The terms "Coastal," "Company," "we," "our," "its" and "segment" are used
in this release for purposes of convenience and are intended to refer to
The Coastal Corporation and/or its subsidiaries either individually or
collectively, as the context may require.

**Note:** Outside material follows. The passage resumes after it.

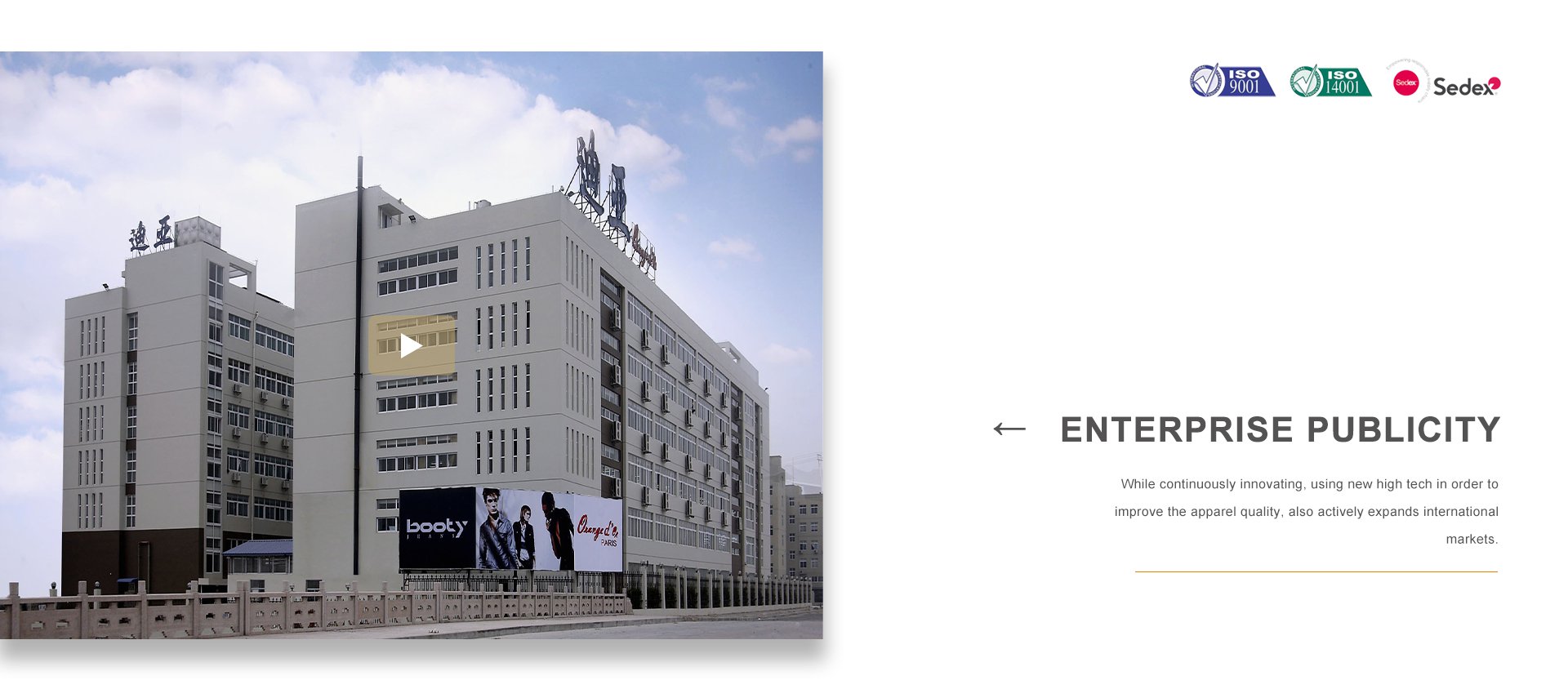 品牌建設是公司堅持不懈的追求,我們每年都會積極參加國內外舉辦的各大服裝展銷會。憑借著良好的質量與信譽,市場占有率在逐漸擴大,產品遠銷歐洲、美洲、亞洲等國。公司以生產棉衣、羽絨服、派克、大衣、夾克、運動休閑服飾等為主,旗下主打品牌有 ORANGE D’OR 、CLAIRVAL、BOOTY JEANS 、S&V和SASAEC,各品牌服飾均以典雅的色彩、優(yōu)美的線條、卓越的魅力吸引著都市麗人,將時尚、經典的潮流信息予以淋漓盡致的演繹。

These references are not
intended to suggest that the various Coastal companies referred to are not
independent corporate entities having their separate corporate identities
and management.
ON JANUARY 18, COASTAL ANNOUNCED A PROPOSED MERGER WITH EL PASO ENERGY
CORPORATION IN A STOCK-FOR-STOCK TRANSACTION. INVESTORS ARE URGED TO READ
THE PROXY STATEMENT/PROSPECTUS WHICH WILL BE INCLUDED IN THE REGISTRATION
STATEMENT ON FORM S-4 TO BE FILED WITH THE SEC IN CONNECTION WITH THE
PROPOSED MERGER BECAUSE IT WILL CONTAIN IMPORTANT INFORMATION. AFTER IT IS
FILED WITH THE SEC, THE PROXY STATEMENT/PROSPECTUS WILL BE AVAILABLE FOR
FREE ON THE SEC'S WEB SITE (www.sec.gov), FROM COASTAL'S OFFICE OF THE
CORPORATE SECRETARY AND FROM EL PASO'S OFFICE OF INVESTOR RELATIONS. IN
ADDITION, THE IDENTITY OF THE PEOPLE WHO, UNDER SEC RULES, MAY BE
CONSIDERED PARTICIPANTS IN THE SOLICITATION OF COASTAL'S AND EL PASO'S
SHAREHOLDERS IN CONNECTION WITH THE PROPOSED MERGER, AND A DESCRIPTION OF
THEIR INTERESTS, IS AVAILABLE IN SEC FILINGS UNDER SCHEDULE 14A MADE BY
COASTAL AND EL PASO ON JANUARY 18, 2000.